If you check the version of the python, system has Python 3.8.1 available by default. To install a higher version of Python, you’ll need to use the deadsnakes
PPA.
Run the following commands to add the deadsnakes
PPA:
sudo apt update
sudo apt install -y software-properties-common
sudo add-apt-repository -y ppa:deadsnakes/ppa
sudo apt update
Step 14: Install Python 3.11
Now, run the following command to install Python 3.11 or another desired version:
sudo apt install -y python3.11 python3.11-distutils python3.11-venv
Step 15: Update the Default Python3
Version
Now, run the following command to link the new Python version as the default python3
:
sudo update-alternatives --install /usr/bin/python3 python3 /usr/bin/python3.8 1
sudo update-alternatives --install /usr/bin/python3 python3 /usr/bin/python3.11 2
sudo update-alternatives --config python3
Then, run the following command to verify that the new Python version is active:
python3 --version
Step 16: Install and Update Pip
Run the following command to install and update the pip:
python3 -m ensurepip --upgrade
python3 -m pip install --upgrade pip
Then, run the following command to check the version of pip:
pip --version
Step 17: Clone the Repository
Run the following command to clone the Milimochat repository from GitHub:
git clone https://github.com/Milimo Quantum/milimochat.git
cd milimochat
Step 18: Install the Required Dependencies
Run the following command to install the required dependencies:
pip install -r requirements.txt
Step 19: Run the Application
Execute the following command to run the application:
streamlit run main.py
Step 20: SSH port forwarding
To forward local port 8501 on your windows machine to port 8501 on the VM, use the following command in command prompt or powershell:
ssh -L 8501:localhost:8501 -p 30676 -i C:\Users\Acer\.ssh\id_rsa root@86.122.133.229
Step 21: Access the Application
After doing SSH port forwarding, you can access the application in your local browser at http://localhost:8501/.
Step 22: Select Model and Play with Milimochat
Step 23: Check Other Things
Conclusion
Setting up MilimoChat locally ensures a private, customizable, and efficient AI chat experience without relying on cloud-based solutions.
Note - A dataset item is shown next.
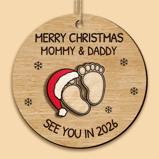 Christmas,New baby,New Mom,New Dad,Happy - Baby Expecting See You In 2026 - Personalized 2-Layered Wooden Ornament

By following this step-by-step guide, you can easily deploy the application on a GPU-powered virtual machine, install Ollama for model management, and configure the required Python environment. With features like chat memory, history analytics, and export options, MilimoChat provides a secure and adaptive chatbot solution tailored to user preferences. Whether for personal use, research, or development, this setup allows for a powerful, locally-controlled AI assistant with full customization and data security.